The rapid development and improvement of genome sequencing technologies has driven major advances in microbiome research, such as increased availability of reference genomes and improved capabilities of high-throughput sequencing technologies to sequence the entire microbiome. With these technological advancements, new challenges have arisen in how to manage, process, and analyze this data (often in the form of short-read sequencing). These challenges have been addressed through the development of new algorithms and software. In How to Process Short-Read Sequencing Data Some of the most important advances in this area have come from the application of de Bruijn graphs (DBGs), which are networks representing overlapping relationships between sequence fragments (called k-mers), usually based on a set of obtained from input sequences. DBG is widely used in genome assembly, and they form a core component of many of the most efficient genome and metagenomic de novo (de novo) assembly algorithms. During the past decade, DBG has emerged as an analytical tool. Components have also been applied to a wide variety of tasks, including bacterial pan-genome analysis, genomic variant identification, and omics sample comparison. Although these methods have not yet been widely adopted as part of numerous microbiome studies, they have shown promise The results. DBG has already achieved success in processing short-read sequencing data and will continue to play a significant role as sequencing becomes more prominent in microbial research .

text

Use of De Bruyne plots for genome and metagenomic assembly

Assembly of short-read sequences

In microbiome research, the assembly of short-read sequences into larger genome sequences is fundamental to the use of next-generation sequencing (NGS) technologies. This problem has been addressed by a variety of approaches, including those employed by Greedy Assemblers and Overlap-layout-consensus assemblers, which typically rely on the identification of overlapping regions between raw reads or on reference genome-based assemblies Use of software (i.e. mapping reads to an already assembled reference genome). These methods were widely used in early genome assembly and continue to be used today, but they also have limitations. Both Greedy and Overlap-layout-consensus use information on overlapping regions between reads, both of which can be computationally time-consuming, and when assembling low-complexity sequences (such as repeats) and processing samples with high sequencing depth Problems are often encountered. Reference genome-based assembly can yield high-quality genome assemblies, but this approach requires closely related organism genomes, which limits its application in new organisms and may be useful in resolving read mappings that are ambiguous with reference sequences There is a problem. The most important advances in short-read assembly of genomes and metagenomes have come from the application of DBG, which overcomes many of the limitations of other assembly methods. DBG-based assembly methods do not rely on overlap between computational reads , thus avoiding the computationally intensive steps involved in Greedy and Overlap-layout-consensus assembly, and they bypass the need for a reference genome, requiring only sequenced reads long . DBG-based assemblies can be sensitive to sequencing errors, which can introduce additional noise to the graph, but in general, the advantages of the DBG approach have facilitated its widespread use in assembling short-read genomic and metagenomic data .

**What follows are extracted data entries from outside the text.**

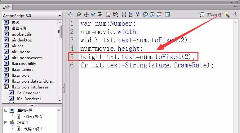 7、将视频的宽输出在舞台中,输出宽的文本框为“width_txt”。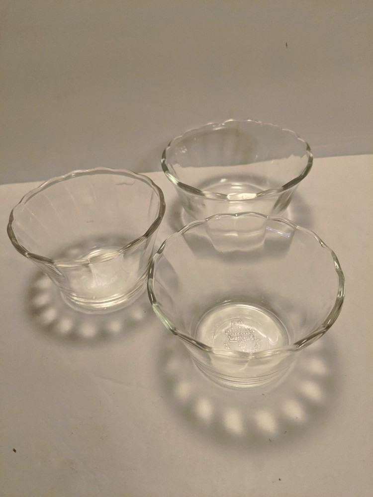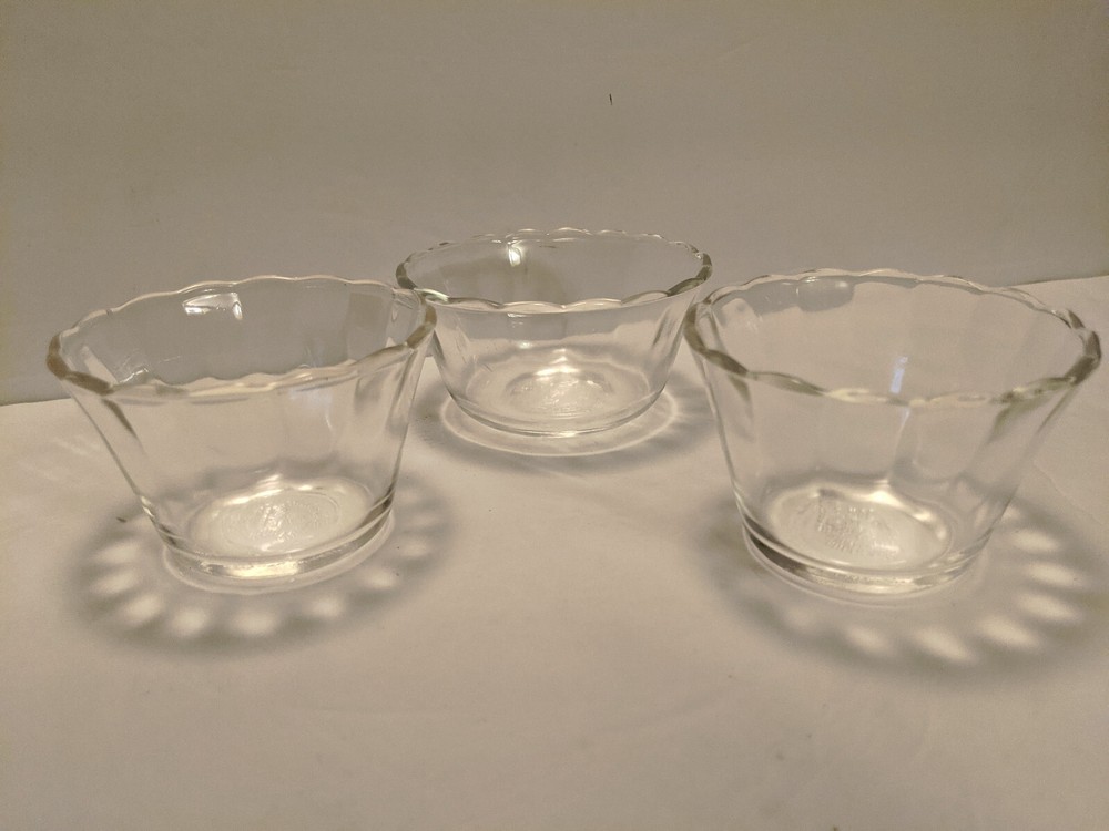 vintage FIRE-KING CUSTARD CUP SET Clear glass with scalloped edge Ad is for 3 cups. 2 different sizes 1 - six ounce 2 - five ounce Comfortably hold about 1/2 cup of ice cream, pudding, dessert, etc. Also handy for holding measured out ingredients while baking or cooking Good shape Clean Ready to use Free ship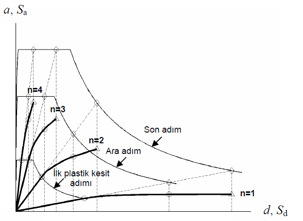Yatay eksende modal yerdeğiştirmelerin, dn(i) ve düşey eksende modal ivmelerin, αn(i) temsil edildiği tipik modal kapasite diyagramları aşağıdaki şekilde gösterilmiştir.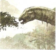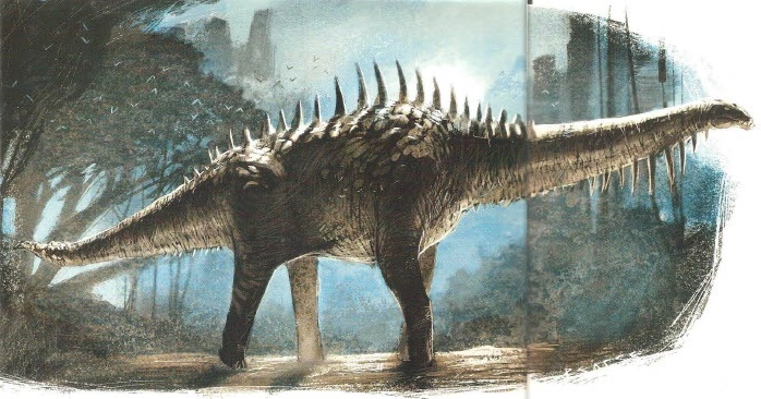 Second only to Brontosaurus in size are the giant Asperdorsus, narrow-bodied, long-necked, armored, spiked diplodocoid sauropods of the deep jungles of Skull Island. Although 'giant' in only relative terms as at 12.8 meters long, it is remarkable diminutive for sauropod standards. Cousins of the more heavily built Brontosaurus, they are tall and limber-necked. Sticking to the thick, wooded regions, Asperdorsus are browsers of midlevel foliage that is out of reach for most other terrestrial plant-eaters of the jungle. Their narrow draft allows these giants to maneuver adeptly between the twisted and densely packed trees, despite their great size.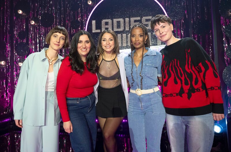 Moderatorin Negah Amiri (M) mit ihren Gästen v.l.n.r.: Sandra Schmidt, Pegah Meggendorfer, Raytschel, Lu Komma Klar.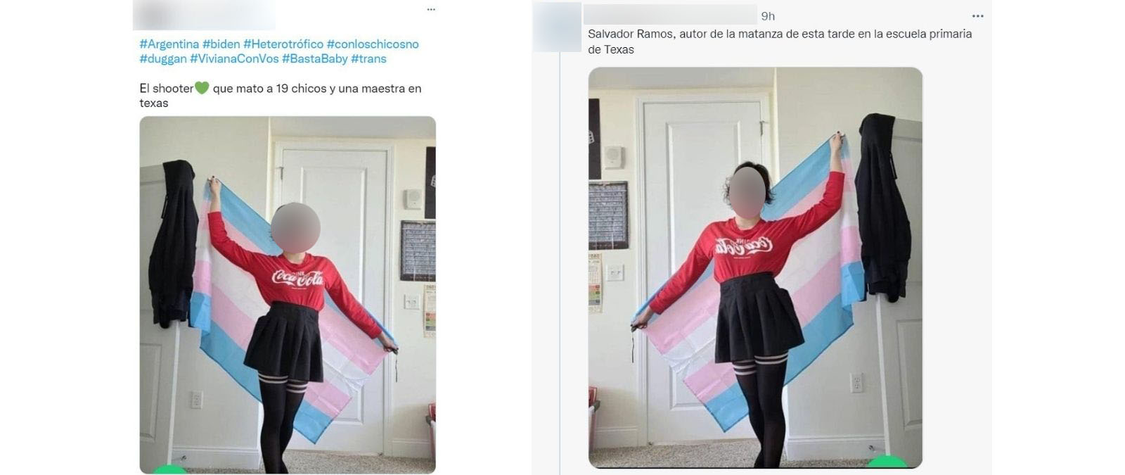 Aunque su imagen se ha difundido en varios medios de comunicación, también se están compartiendo otras fotografías en redes sociales, como Twitter o Reddit, que aseguran que Ramos era un chico trans. “El shooter que mató a 19 chicos y una maestra en Texas”, se puede leer en un tuit acompañado de una foto con una persona sujetando la bandera trans.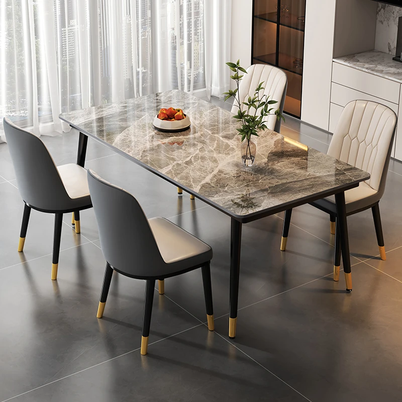 【香港送料無料】スタイリッシュな現代的な岩板ダイニングテーブル - 小型住宅に最適なシンプルでラグジュアリーな長方形テーブル、リビングルームにぴったり!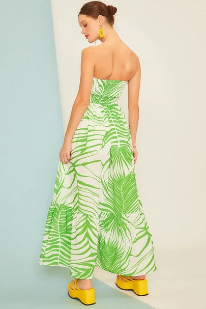 This tropical maxi dress was designed for both comfort and style. This chic ensemble features a thigh-high slit on one side for a touch of allure, while keyhole details near the bust adds a hint of sophistication.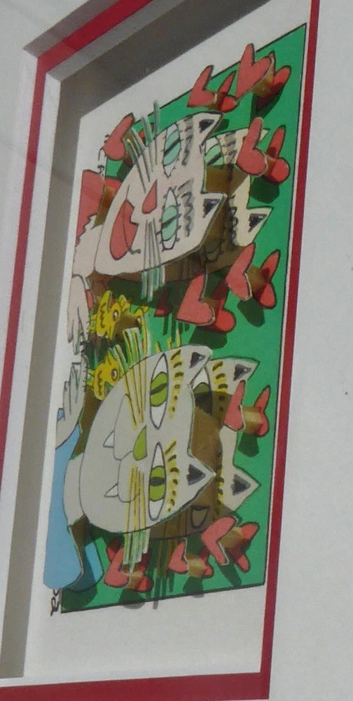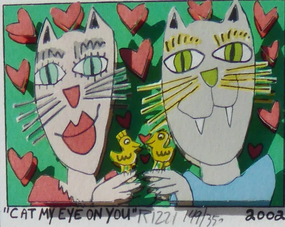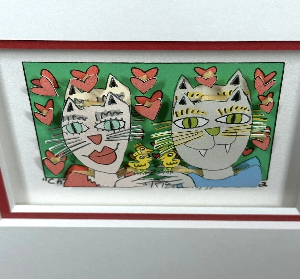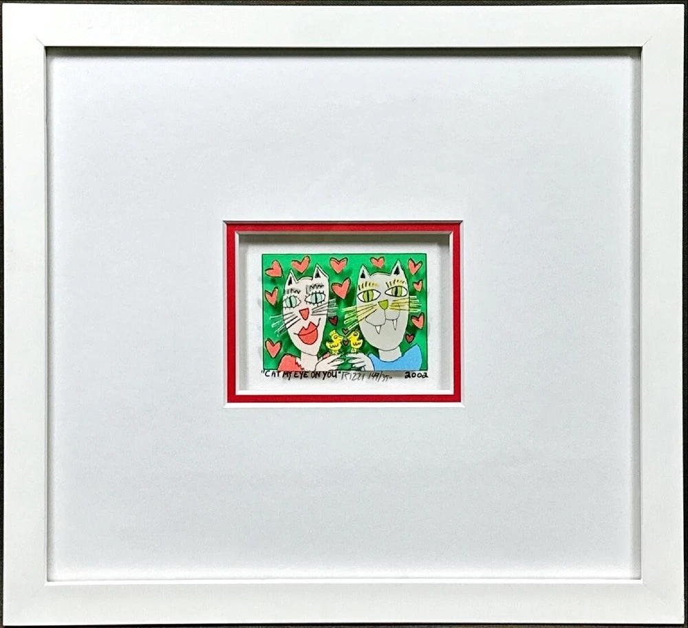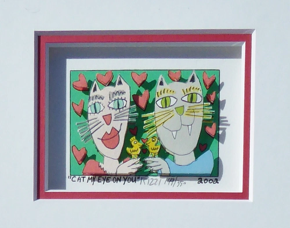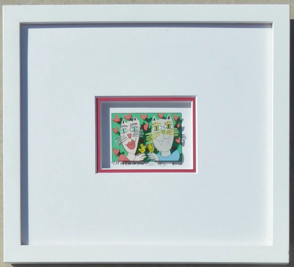 Very good condition, comes with FREE USED frame " CAT MY EYE ON YOU" 2002 "Cat my eye on you" is a 3-D mini original serigraph on paper by James Rizzi numbered 149/350 and hand signed by the artist. FREE USED Frame Measures approx. Size: 12" x 11" (30.5 x 28 cm) Image 7.5 x 5 cm (3" x 2" ) About the artist: (October 5, 1950 – December 26, 2011) was an American pop artist who was born and raised in Brooklyn, New York. d During his lifetime one of the most popular artist, a real „Pop Artist“. He became famous through his invention of the 3D-construction on paper and the 3D-magnetic objects. Since the 1970s those inventions are always connected with his art. This piece will be carefully shipped. Buyers are responsible for import duties/fees/taxes. Please note that colors on screen may vary slightly from actual artwork due to digital device screen calibration. Worldwide shipping available. Buyer is responsible for import duties/fees/taxes. See my other listings for more art. Thank you for looking!

DBG-based genome assembly begins by decomposing raw sequencing reads into subsequences of length k, termed k-mers. The graph is then constructed by first defining the prefix for each k-mer, the k-mer minus the last nucleotide and the suffix, and the k-mer minus the first nucleotide. The total set of unique suffixes and prefixes form nodes in the graph, and edges are added for k-mers for a given suffix and prefix based on links. Then, by finding an Euler cycle in the graph, that is, a path that visits each edge (representing a k-mer) in the graph once, folding the sequence of k-mers in that path to assemble a longer sequence, thus completing the more Assembly of long sequences ( Figure 1A ). DBG-based genome assembly eliminates the need to compute alignments between reads, making the assembly of sequencing data efficient and scalable. Earlier DBG assembly tools, including EULER, EULER-SR, Velvet, and ALLPATHS, adopted the basic strategy described above, which, if modified, can address specific challenges, such as assembling repetitive sequences and detecting and handling sequencing errors. Later assembly methods, such as those employed by the SPAdes family of software, the SOAPdenovo family of software, and MEGAHIT , build on concepts from earlier assembly methods and focus on improving efficiency and processing larger datasets , such as those from metagenomic , and improve the accuracy of assembly . Overall, these DBG-based assembly tools represent a major advance in sequence assembly, overcoming many of the challenges that hindered older assembly methods, making them widely available for the assembly of sequence data in microbiome research .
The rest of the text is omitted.